=== WHAT IS REQUIRED ===
Could you give back exactly the lines below from the one with "Black F_WD lace-up" through the one with "Comme je travaille", without a single picture?

=== DATA EXTRACT ===
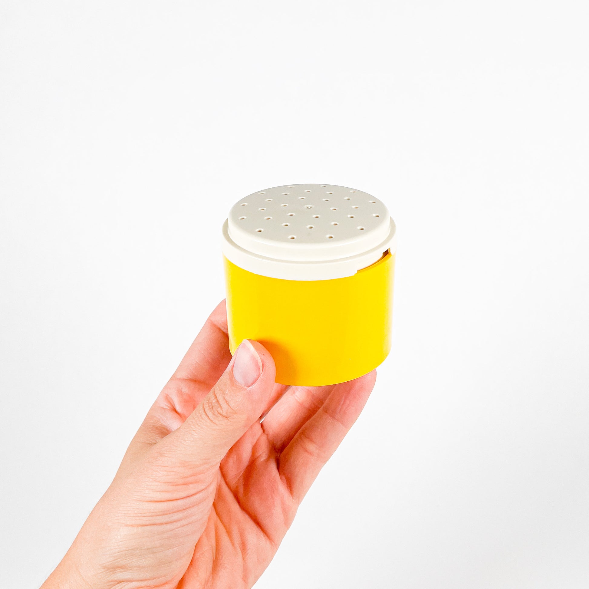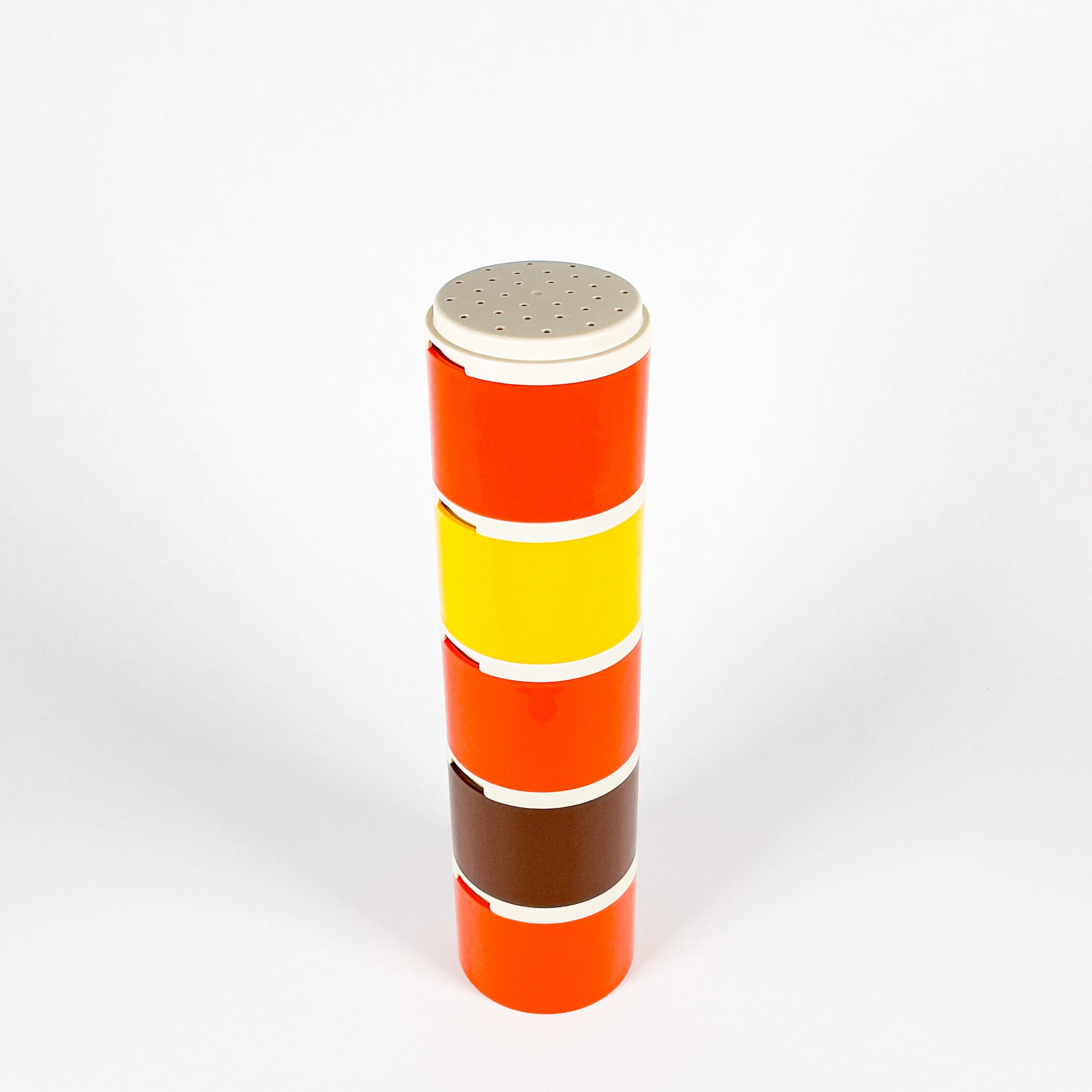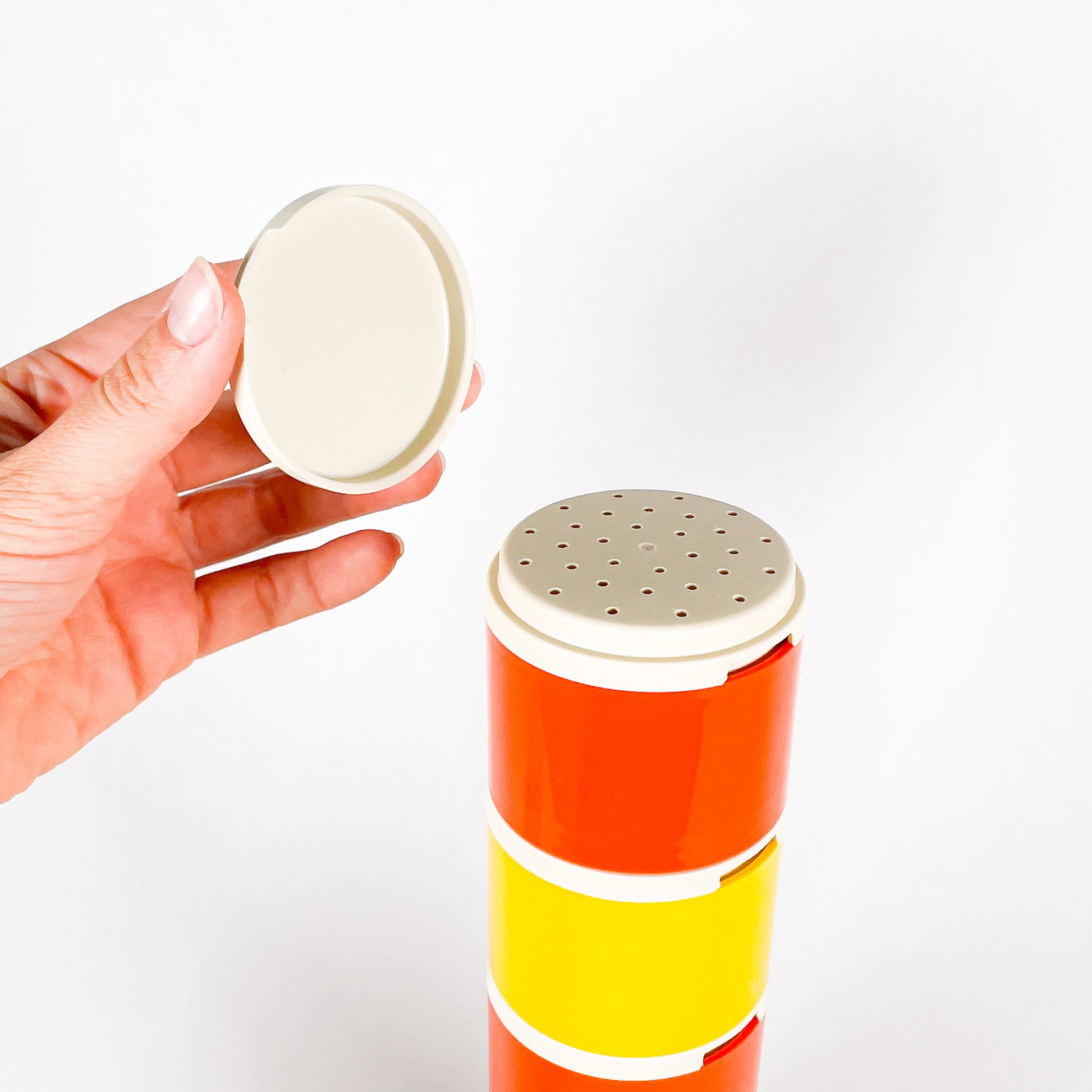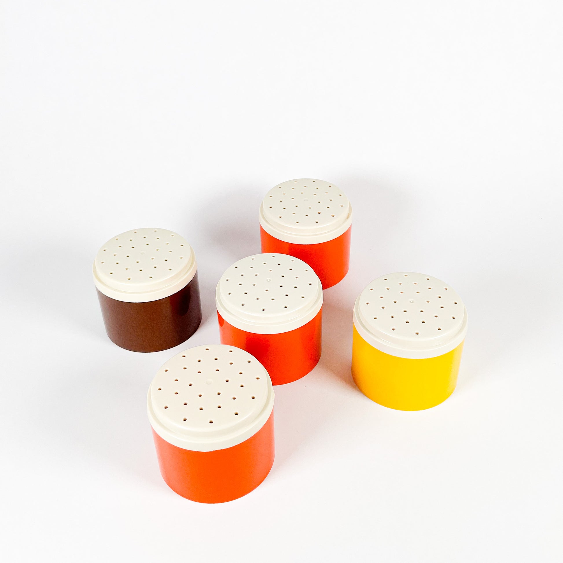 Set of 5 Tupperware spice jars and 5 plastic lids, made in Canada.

...

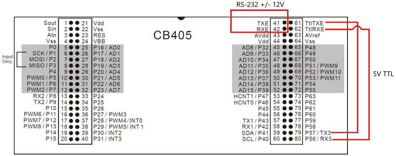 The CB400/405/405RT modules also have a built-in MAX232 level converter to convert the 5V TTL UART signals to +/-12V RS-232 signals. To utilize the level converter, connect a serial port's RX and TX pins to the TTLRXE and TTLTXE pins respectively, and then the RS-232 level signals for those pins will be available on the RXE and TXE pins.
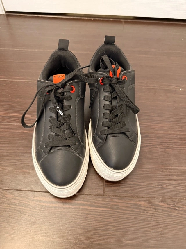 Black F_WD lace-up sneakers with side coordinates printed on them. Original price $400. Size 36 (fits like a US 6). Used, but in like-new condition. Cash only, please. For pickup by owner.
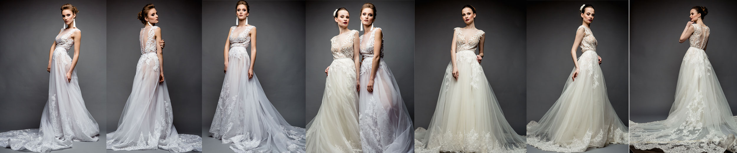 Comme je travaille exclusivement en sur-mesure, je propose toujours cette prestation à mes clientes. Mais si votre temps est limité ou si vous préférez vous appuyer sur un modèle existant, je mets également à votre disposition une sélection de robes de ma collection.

=== RESULT FOR THIS TASK ===
 Black F_WD lace-up sneakers with side coordinates printed on them. Original price $400. Size 36 (fits like a US 6). Used, but in like-new condition. Cash only, please. For pickup by owner.
 Comme je travaille exclusivement en sur-mesure, je propose toujours cette prestation à mes clientes. Mais si votre temps est limité ou si vous préférez vous appuyer sur un modèle existant, je mets également à votre disposition une sélection de robes de ma collection.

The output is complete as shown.